**Collected material:**
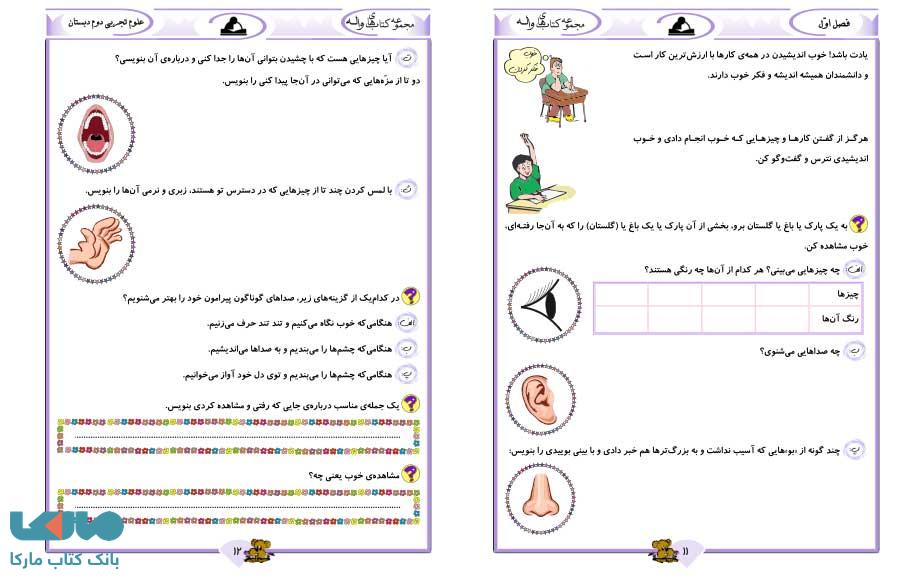در واقع، هر یک از دروسی که در کتاب علوم تجربی دوم دبستان آدم برفی نشر واله پوشش داده شده اند، دارای دو بخش اصلی درسنامه و بخش سوال ها می باشند. بیان جالب و جذاب درسنامه های موجود در کتاب باعث می شود که دانش آموزان به راحتی بتوانند با این کتاب کمک آموزشی ارتباط برقرار کنند.
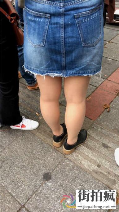 街拍蓝色宽松牛仔短裙肉丝极品美腿妹子[MOV/137M]...
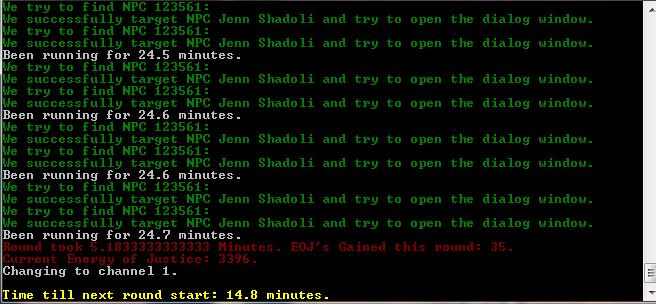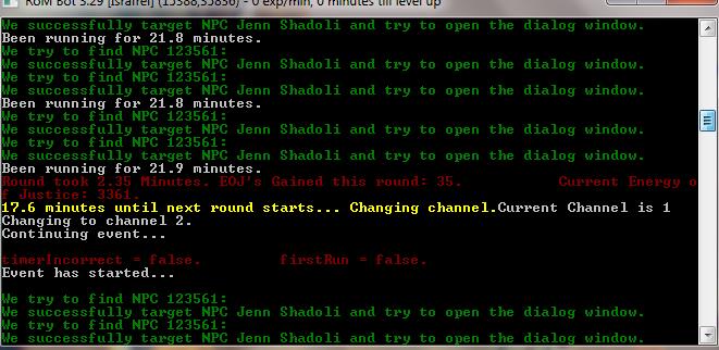 Started at ch1, done the ch1 and he waits for new round on ch1 (its strange that he says waiting for the next round and immediatly after that it says event has started then he do the quest once and says round took 0,0666 minutes 0 EoJ earned , curent energy time till next round 19,9 minutes and then waits for the next round on ch1) i post the picture so you can better see it on MMpic3), i think this is not problem till he waits for another round on ch1 but maybe its causing problem in the next channels thought.
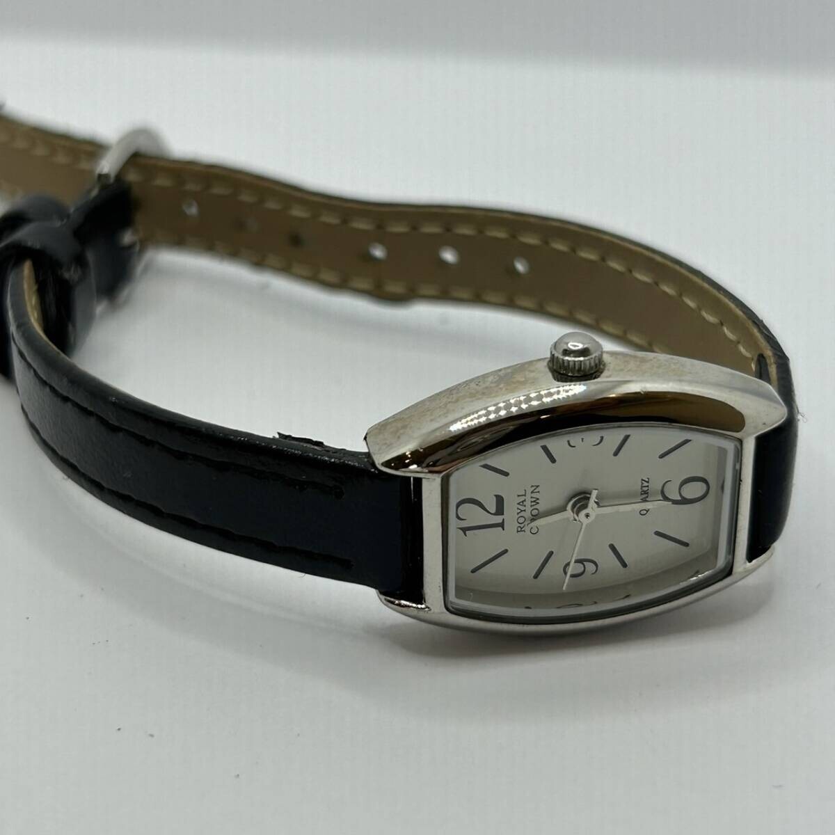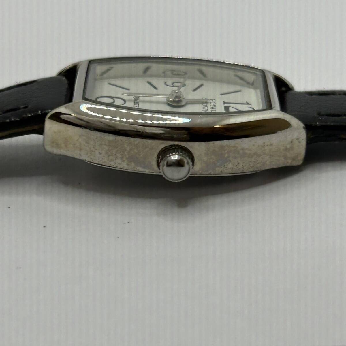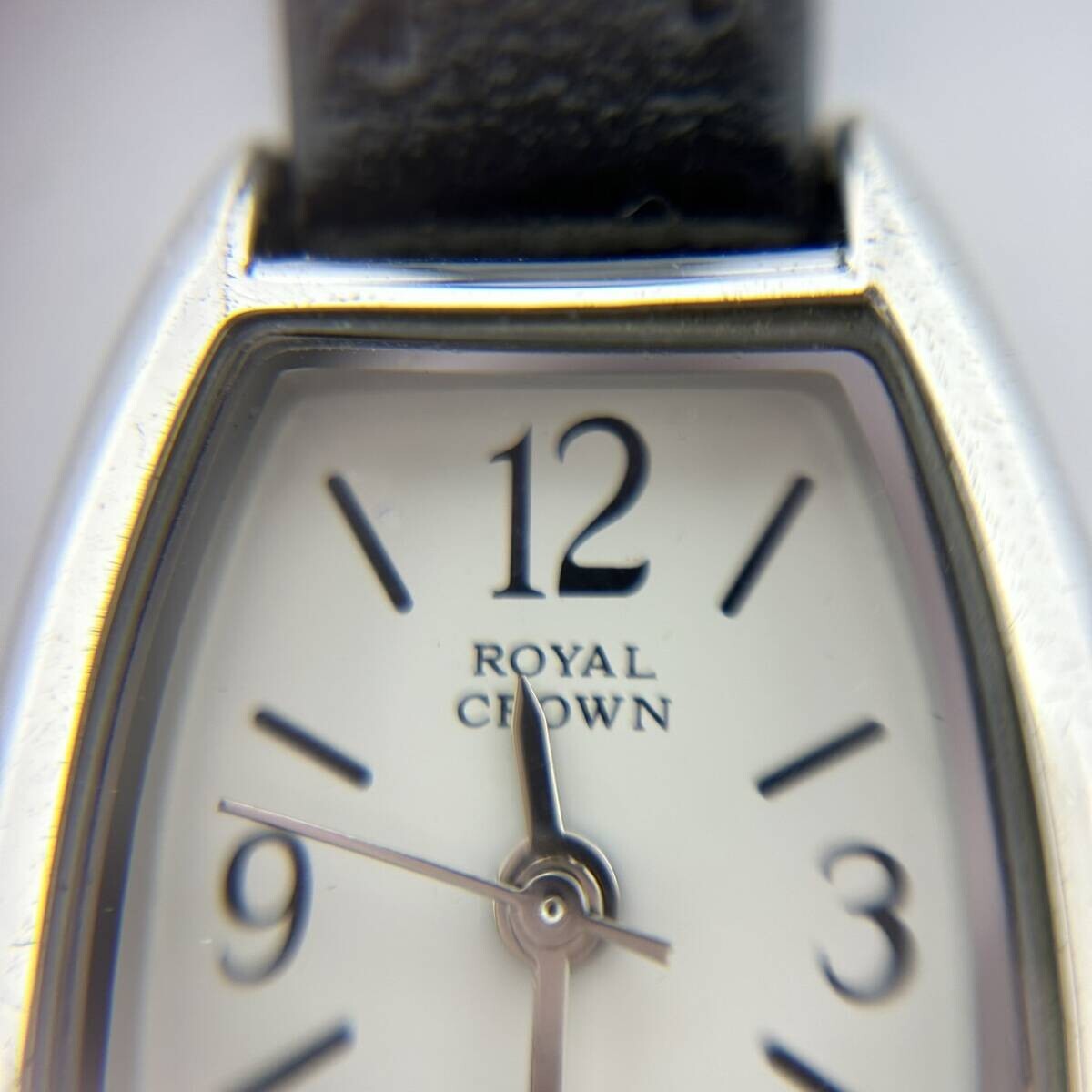 A)電池交換済み可動品★ROYAL CROWN/ロイヤルクラウン 腕時計 白文字盤 レザーベルト レトロ シルバー クオーツ メンズ レディース AE3006

**Instructions for the task:** Write out each line of the data exactly; the images should be left out.

**Exercise answer:**
در واقع، هر یک از دروسی که در کتاب علوم تجربی دوم دبستان آدم برفی نشر واله پوشش داده شده اند، دارای دو بخش اصلی درسنامه و بخش سوال ها می باشند. بیان جالب و جذاب درسنامه های موجود در کتاب باعث می شود که دانش آموزان به راحتی بتوانند با این کتاب کمک آموزشی ارتباط برقرار کنند.
 街拍蓝色宽松牛仔短裙肉丝极品美腿妹子[MOV/137M]...
 Started at ch1, done the ch1 and he waits for new round on ch1 (its strange that he says waiting for the next round and immediatly after that it says event has started then he do the quest once and says round took 0,0666 minutes 0 EoJ earned , curent energy time till next round 19,9 minutes and then waits for the next round on ch1) i post the picture so you can better see it on MMpic3), i think this is not problem till he waits for another round on ch1 but maybe its causing problem in the next channels thought.
 A)電池交換済み可動品★ROYAL CROWN/ロイヤルクラウン 腕時計 白文字盤 レザーベルト レトロ シルバー クオーツ メンズ レディース AE3006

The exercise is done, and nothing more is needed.